Content Classification

Moderate content and classify text using Mistral's safety and classification models.

def moderate(
    inputs: List[Union[str, Dict]],
    model: Optional[str] = None,
    **kwargs
) -> ModerationResponse: ...

def classify(
    inputs: List[str],
    model: str,
    **kwargs
) -> ClassificationResponse: ...

Classification

Audio Transcription

Transcribe audio files to text with support for various audio formats and streaming.

def transcribe(
    file: Union[str, BinaryIO],
    model: str,
    language: Optional[str] = None,
    **kwargs
) -> TranscriptionResponse: ...

def transcribe_stream(
    stream: Iterator[bytes],
    model: str,
    **kwargs
) -> Iterator[TranscriptionStreamEvents]: ...

Audio

Beta APIs

Experimental and preview APIs providing access to advanced features including enhanced conversations, document libraries, and beta agent capabilities.

# Conversations API
def start(
    inputs: Union[ConversationInputs, dict],
    instructions: Optional[str] = None,
    tools: Optional[List[Tool]] = None,
    **kwargs
) -> ConversationResponse: ...

def start_stream(
    inputs: Union[ConversationInputs, dict],
    **kwargs
) -> Iterator[ConversationEvents]: ...

# Libraries API  
def create(
    name: str,
    description: Optional[str] = None,
    **kwargs
) -> LibraryOut: ...

def list(**kwargs) -> ListLibraryOut: ...
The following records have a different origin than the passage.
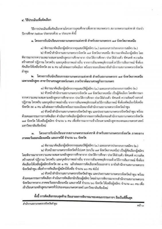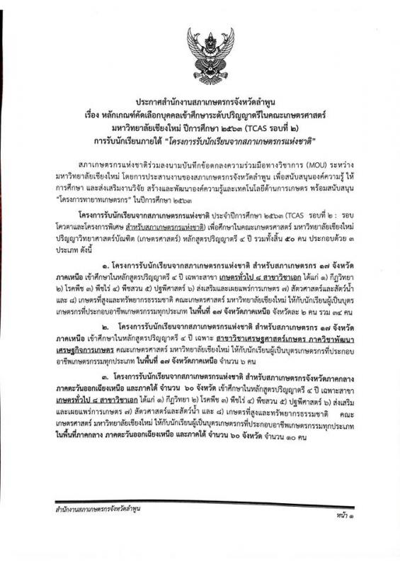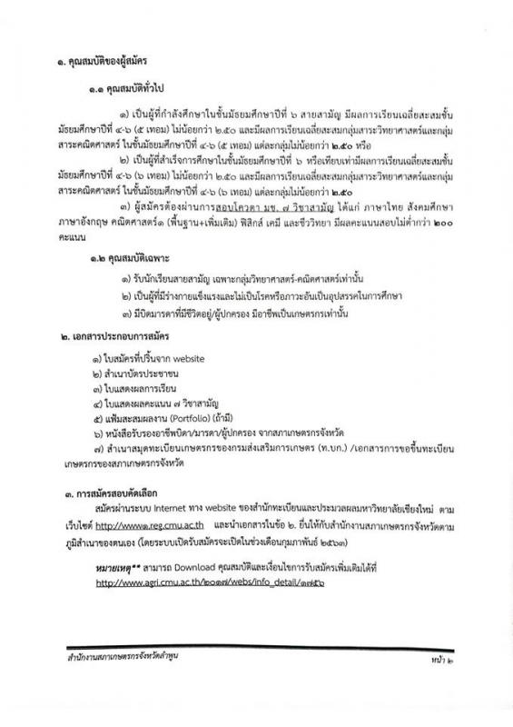 หลักเกณฑ์การรับนักเรียนทายาทเกษตรภายใต้ "โครงการรับนักเรียนจากสภาเกษตรกรแห่งชาติ" เพื่อศึกษาต่อในคณะเกษตรศาสตร์ มหาวิทยาลัยเชียงใหม่ หลักสูตร 4 ปี สำหรับนักเรียนที่มีภูมิลำเนาอยู่ใน ภาคกลาง ภาคตะวันออกเฉียงเหนือ และภาคใต้ ในสาขาเกษตรทั่วไป 8 สาขาวิชาเอก ได้แก่ กีฏวิทยา โรคพืช พืชไร่ พืชสวน ปฐพีศาสตร์ ส่งเสริมและเผยแพร่การเกษตร สัตวศาสตร์และสัตว์น้ำ และเกษตรที่สูงและทรัพยากรธรรมชาติ "จำนวน 10 คน"
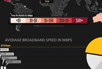 Il m’arrive quelques fois de pester après mon fournisseur d’accès parce que ma connexion ne marche pas bien… mais je crois que je vais désormais relativiser… La France fait partie des pays qui ont un des débits les plus rapides à un coût le plus bas, comme le montre cette carte de Shrinkrage is Good. Bon, ceci étant, on peut toujours faire mieux.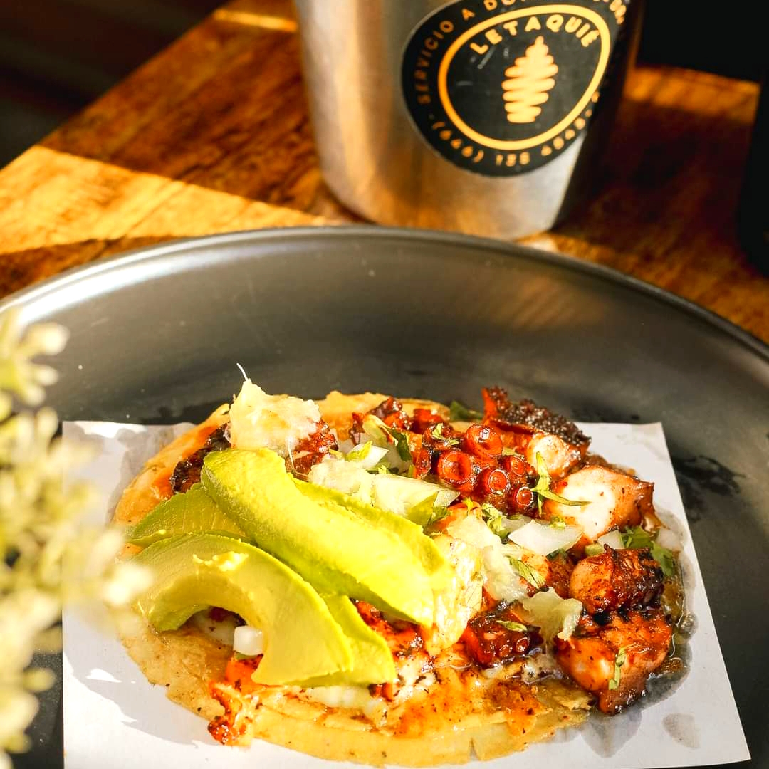 Pulpo, 20 tortillas,cebolla, cilantro, aguacate, salsas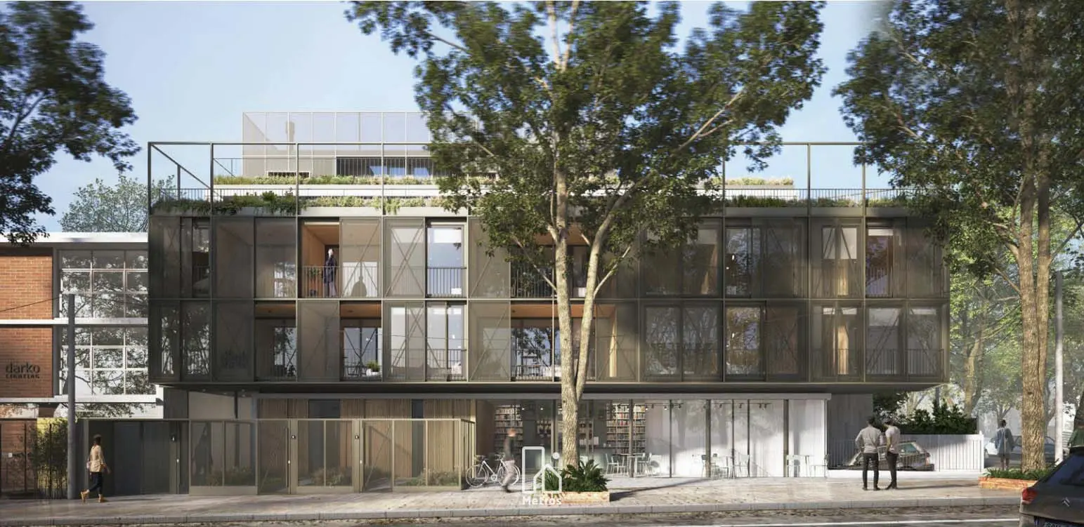 El proyecto resuelve en subsuelo el depósito del local comercial, 13 cocheras privadas, estacionamiento para bicicletas, y 3 bauleras de guardado.

# Beta Agents API (enhanced agent management)
def create(
    name: str,
    model: str,
    **kwargs
) -> Agent: ...

def update_version(
    agent_id: str,
    version_data: dict,
    **kwargs
) -> Agent: ...

Beta APIs

Core Types

Main SDK Class

class Mistral:
    def __init__(
        self,
        api_key: Optional[Union[str, Callable[[], str]]] = None,
        server_url: Optional[str] = None,
        client: Optional[HttpClient] = None,
        async_client: Optional[AsyncHttpClient] = None,
        retry_config: Optional[RetryConfig] = None,
        timeout_ms: Optional[int] = None,
        debug_logger: Optional[Logger] = None,
    ) -> None: ...
    
    def __enter__(self) -> "Mistral": ...
    def __exit__(self, exc_type, exc_val, exc_tb) -> None: ...
    async def __aenter__(self) -> "Mistral": ...
    async def __aexit__(self, exc_type, exc_val, exc_tb) -> None: ...

Message Types

class SystemMessage:
    content: Union[str, List[SystemMessageContentChunk]]
    role: Optional[Literal["system"]] = "system"

class UserMessage:
    content: Optional[Union[str, List[ContentChunk]]]
    role: Optional[Literal["user"]] = "user"

class AssistantMessage:
    content: Optional[Union[str, List[ContentChunk]]]
    tool_calls: Optional[List[ToolCall]]
    prefix: Optional[bool] = False
    role: Optional[Literal["assistant"]] = "assistant"

class ToolMessage:
    content: Optional[Union[str, List[ContentChunk]]]
    tool_call_id: Optional[str]
    name: Optional[str]
    role: Optional[Literal["tool"]] = "tool"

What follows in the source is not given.